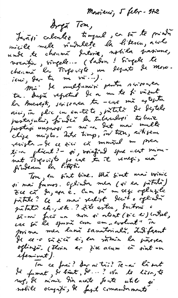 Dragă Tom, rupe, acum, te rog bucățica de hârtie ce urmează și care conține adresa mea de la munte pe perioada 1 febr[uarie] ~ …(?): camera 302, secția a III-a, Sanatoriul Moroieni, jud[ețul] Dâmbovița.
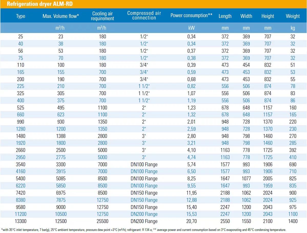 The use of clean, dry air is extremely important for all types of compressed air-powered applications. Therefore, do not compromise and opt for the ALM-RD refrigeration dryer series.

○ ○ ○ ○ ○

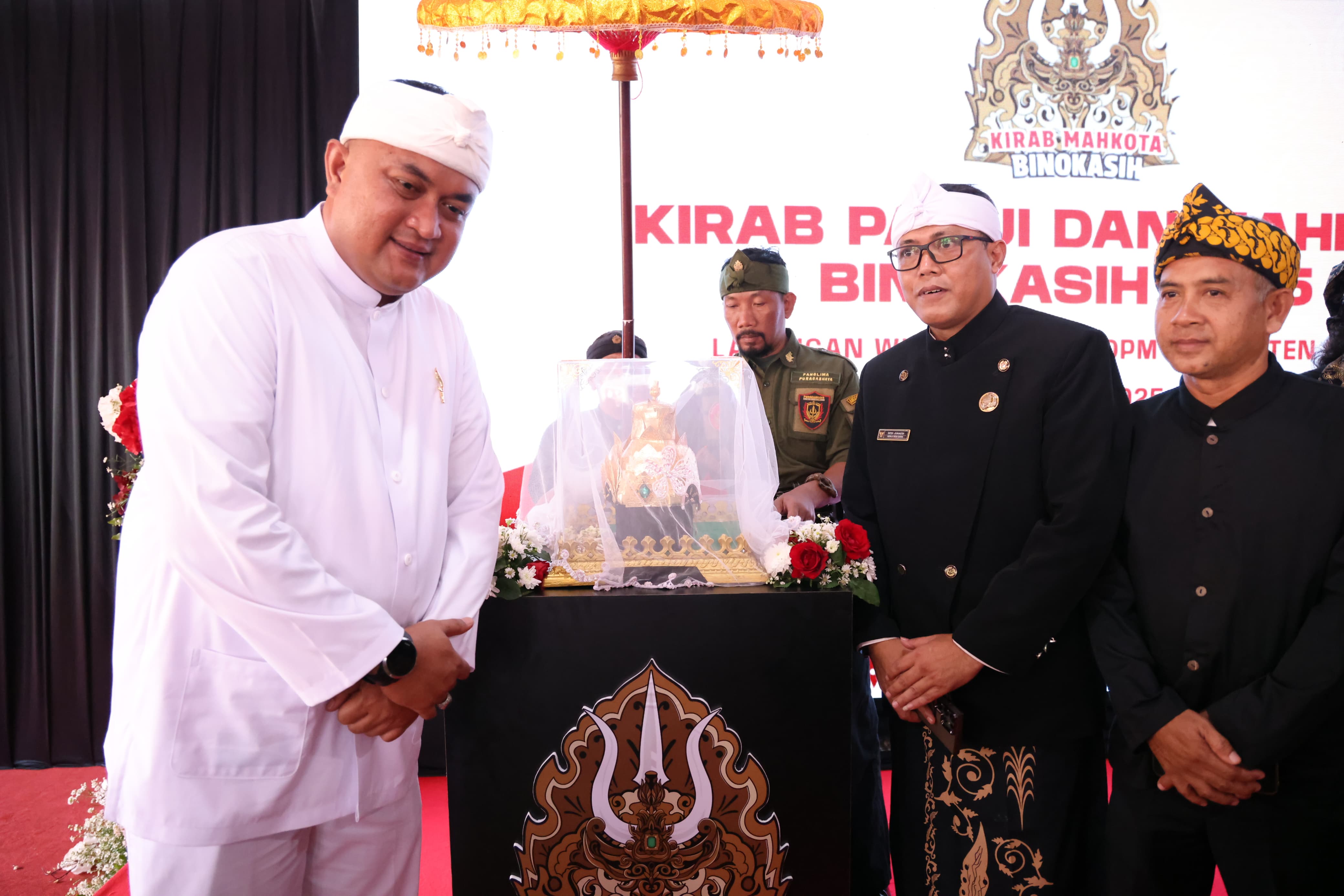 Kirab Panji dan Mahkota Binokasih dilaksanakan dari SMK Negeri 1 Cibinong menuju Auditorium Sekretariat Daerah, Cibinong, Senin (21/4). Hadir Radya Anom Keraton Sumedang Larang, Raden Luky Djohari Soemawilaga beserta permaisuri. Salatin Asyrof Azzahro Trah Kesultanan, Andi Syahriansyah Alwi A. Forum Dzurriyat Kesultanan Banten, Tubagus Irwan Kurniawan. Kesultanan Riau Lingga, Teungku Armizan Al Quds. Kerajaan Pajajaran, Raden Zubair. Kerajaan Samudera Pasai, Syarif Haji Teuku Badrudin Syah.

○ ○ ○ ○ ○

**TASK GOAL:** Transcribe exactly the lines above, beginning at the one with "Dragă Tom, rupe, acum, te" and going up to and including the one with "The use of clean, dry". Pictures do not belong in the copy.

**WRITTEN ANSWER:**
 Dragă Tom, rupe, acum, te rog bucățica de hârtie ce urmează și care conține adresa mea de la munte pe perioada 1 febr[uarie] ~ …(?): camera 302, secția a III-a, Sanatoriul Moroieni, jud[ețul] Dâmbovița.
 The use of clean, dry air is extremely important for all types of compressed air-powered applications. Therefore, do not compromise and opt for the ALM-RD refrigeration dryer series.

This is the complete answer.